This workflow runs transcript-level quantification using Kallisto followed by differential expression analysis using Sleuth.

1 Kallisto

Kallisto is an “alignment-free” RNA-Seq quantification method that runs very fast with a small memory footprint, so that it can be run on most laptops. It is a command-line program that can be downloaded as binary executables for Linux or Mac, or in source code format. For a first insight into the program, read here and for the published article, see here. There is also a preprint here.

Kallisto is geared towards quantification on the transcript (isoform) level, rather than the gene-level (although the latter can also be done by post-processing Kallisto output.) However, read assignment to transcript isoforms cannot (in general) be done unambiguously, so there is an intrinsic “quantification noise” or variability in this process. Kallisto can thus be run either in a single step (which is very fast) or in “bootstrap” mode (which takes longer, but can be done on several processors in parallel) in order to get uncertainty estimates for the expression levels - a kind of error bars for the quantification process. Running with bootstraps is mandatory if you want to perform differential expression analysis of isoforms with Sleuth (see below).
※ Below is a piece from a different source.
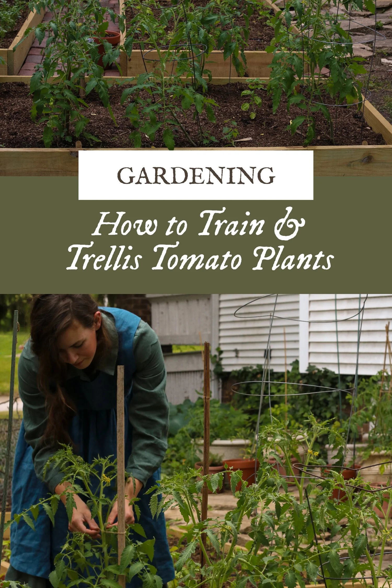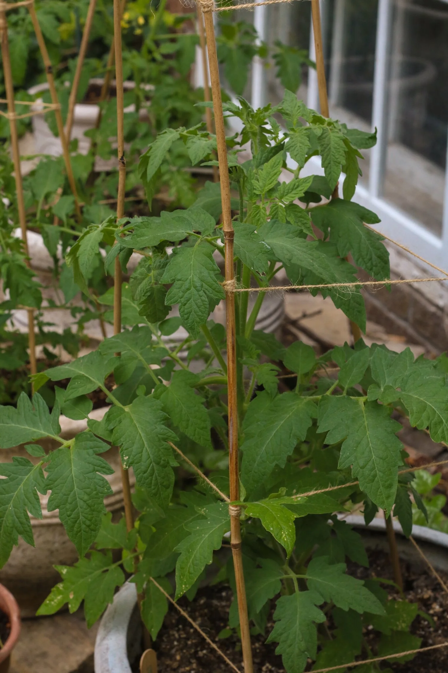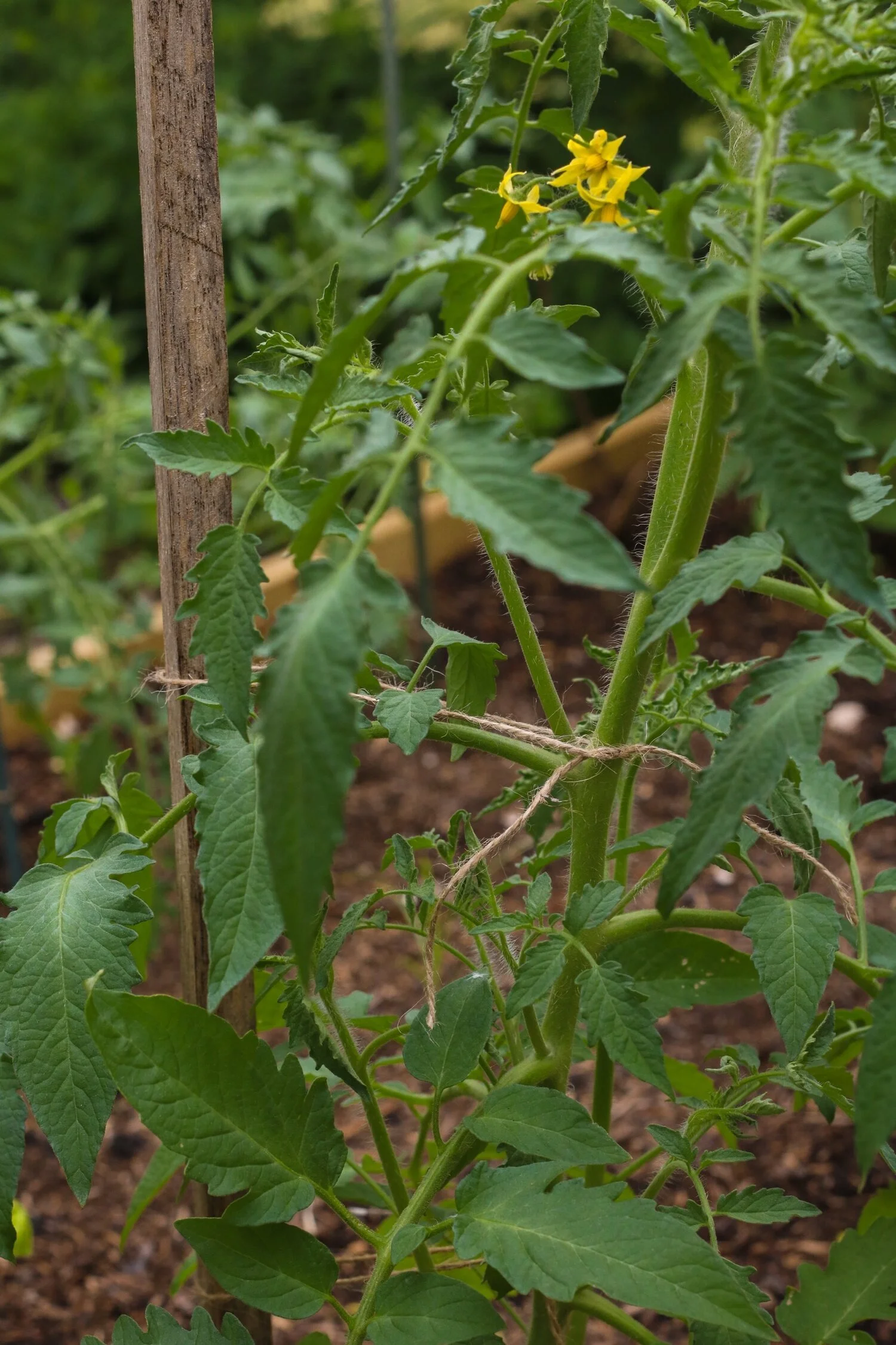 Start training when plants are young. It’s best to do this about a month after transplanting. Begin by tying your tomato to the structure of choice every 6-8 inches up the length of the plant from the main stalk. It is best to tie right above a cluster of flowers because the stalk may become pinched as the flowers develop into heavy fruit.

Kallisto is primarily meant for quantification of an existing set of FASTA sequences, that is, it does not perform transcript assembly and it cannot quantify the expression of novel transcripts that are not in the transcript index that you provide to it. With that said, you can of course use contigs from an assembly that you have produced in some other program in your Kallisto index. It would also be possible to use the software for eg: metagenomics or metatranscriptomics quantification.

1.1 Running Kallisto

To load the Kallisto module on UPPMAX, execute

sh
module load bioinfo-tools
module load kallisto/0.43.1

Now we will download and merge human cDNA and ncDNA files from ENSEMBL in order to build a Kallisto transcript index. Note that we can concatenate the two gzipped files without unpacking them first. We use both the protein-coding transcripts and the non-coding ones to be able to capture more of the transcriptome.

sh
wget ftp://ftp.ensembl.org/pub/current_fasta/homo_sapiens/cdna/Homo_sapiens.GRCh38.cdna.all.fa.gz
wget ftp://ftp.ensembl.org/pub/current_fasta/homo_sapiens/ncrna/Homo_sapiens.GRCh38.ncrna.fa.gz
cat Homo_sapiens.GRCh38.cdna.all.fa.gz Homo_sapiens.GRCh38.ncrna.fa.gz > Homo_sapiens.GRCh38.rna.fa.gz

Now we can build the transcriptome index.

sh
kallisto index -i hsGRCh38_kallisto Homo_sapiens.GRCh38.rna.fa.gz

It should take less than 10 minutes.

Next, copy the FASTA files from this uppmax path: /proj/uppstore2017171/courses/RNAseqWorkshop/downloads/diffExp/FASTQ/. When that is done, it’s time for quantifying the FASTQ files against our Kallisto index with bootstrapping (for later use in Sleuth). You could do that one by one, with a command like

sh
kallisto quant -i hsGRCh38_kallisto -t 4 -b 100 7_111116_AD0341ACXX_137_1_index1_1.fastq.gz 7_111116_AD0341ACXX_137_1_index1_2.fastq.gz -o sample1

OR in a bash loop:

sh
for i in {1..12};
  do
    kallisto quant -i hsGRCh38_kallisto -t 4 -b 100 7_111116_AD0341ACXX_137_${i}_index${i}_1.fastq.gz 7_111116_AD0341ACXX_137_${i}_index${i}_2.fastq.gz -o sample${i};
  done

In this example, we put -t 4 so we can use up to four processors in the bootstrapping. You may want to modify this value according to the machine you are working on. If you wanted to run Kallisto without bootstraps and just get expression values on a pair of FASTQ files, you would run something like

sh
kallisto quant -i hsGRCh38_kallisto sample1_reads1.fastq sample1_reads2.fastq -o sample1

Running Kallisto on all the 12 samples with 100 bootstraps may take an hour or so, depending on your machine and settings.

2 Sleuth

Sleuth is a companion package for Kallisto which is used for differential expression analysis of transcript quantifications from Kallisto. While you could use other differential expression packages such as Limma or DESeq2 to analyse your Kallisto output, Sleuth also takes into consideration the inherent variability in transcript quantification as explained above. Sleuth also allows the modeling of covariates such as batch, individual, tissue type etc. in the same way as DESeq2/edgeR/Limma, which is useful for experimental designs with multiple varying factors.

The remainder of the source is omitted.